Project to share literary classics across the continent gets EU backing

Twentieth-century literary classics by some of Wales' most renowned authors such as T.H. Parry-Williams and Kate Roberts will be made available to readers across Europe as part of a new project being funded by the European Union.

Wales Literature Exchange is one of seven key European partners involved in Schwob - a project led by The Dutch Foundation for Literature which has recently been granted a €200,000 subsidy as part of the EU’s Culture Programme.

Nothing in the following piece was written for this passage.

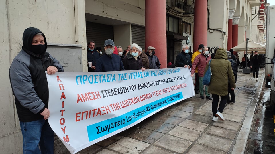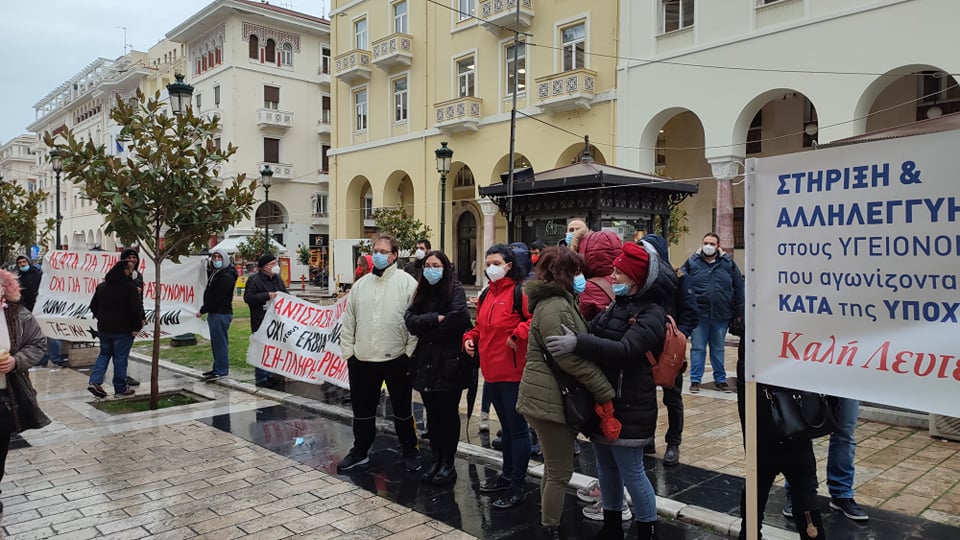 Συγκέντρωση διαμαρτυρίας πραγματοποιούν αυτή την ώρα μέλη της Ένωσης Νοσοκομειακών Ιατρών Θεσσαλονίκης στην Αριστοτέλους, στο πλαίσιο της πανελλαδικής απεργίας υγειονομικών.

Schwob was launched in the Netherlands in 2011 to facilitate the promotion of literature, not yet translated, from all parts of Europe. It applied for the EU grant to allow it to expand into an international network and become a European portal for the best unknown books of world literature, in partnership with literature foundations in six other countries, including Wales.

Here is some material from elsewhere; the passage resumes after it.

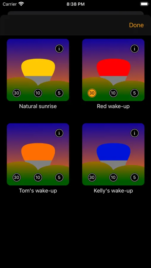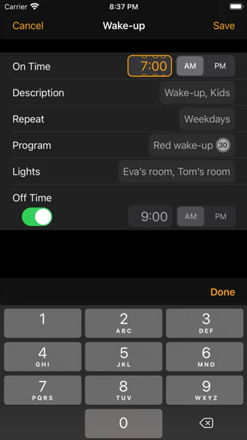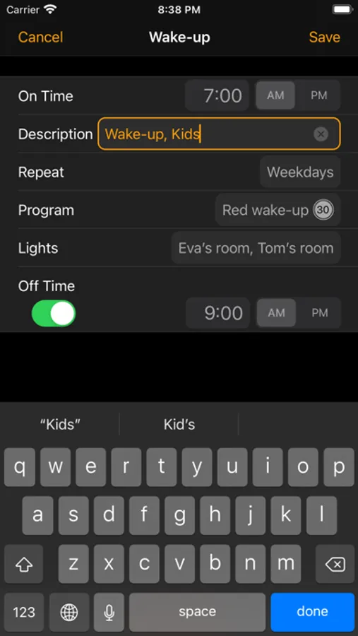 - Select the lights to use, this allows you to do sunrises at different times in different rooms of the house.

Working together, the partners will choose, distribute and promote a selection of 'Schwob titles’, described as “exceptional but hard to find or undiscovered modern classics that whet the appetite” - from each of the participating countries and further afield. The selected titles will be presented to publishers and promoted through Schwob's website, at festivals and through other activities.

Based at Aberystwyth University, Wales Literature Exchange acts as a translation junction connecting writers, translators and publishers in Wales and abroad. The Exchange’s partnership with Schwob signals the introduction of a new arm to its translation network.

Sioned Puw Rowlands, Director of Wales Literature Exchange, said: “The news of support from Europe for the Schwob project is significant for Wales. It’s an opportunity for the Exchange to extend its work promoting the translation of mostly contemporary literature from Wales to Welsh classics. It will also help provide opportunities for readers to discover in Welsh and English, modern classics from other countries”.

Welcoming the news of the EU subsidy, Alexandra Koch, Dutch editor-in-chief of Schwob, said:

“It’s fantastic and important news. It means not just that – in this time of cuts to culture funding – we can continue our efforts to bring ‘art house’ books to the attention of Dutch publishers and readers, but that Schwob can actually be taken to a higher level and become a European movement”.

Notes to Editors

1)      Wales Literature Exchange

Wales Literature Exchange, based at the Mercator Institute, Aberystwyth University, works across the globe to facilitate the translation of Wales' literature. Translation grants are available to foreign publishers for the translation of literary works from Wales. The Exchange also participates in international book fairs, and works with translators, publishers and festivals abroad to promote the literature and writers of Wales internationally. The Exchange initiated a new joint venture – Translators’ House Wales – with Tŷ Newydd, the national writers’ centre for Wales (now part of Literature Wales) in 2009. A sister programme established in 2001, the international platform for literary exchange and translation, Literature Across Frontiers, is also based at the Mercator Institute, Aberystwyth University. The Exchange has been a revenue client of the Arts Council of Wales for over ten years, and is supported since April 2011 by Literature Wales.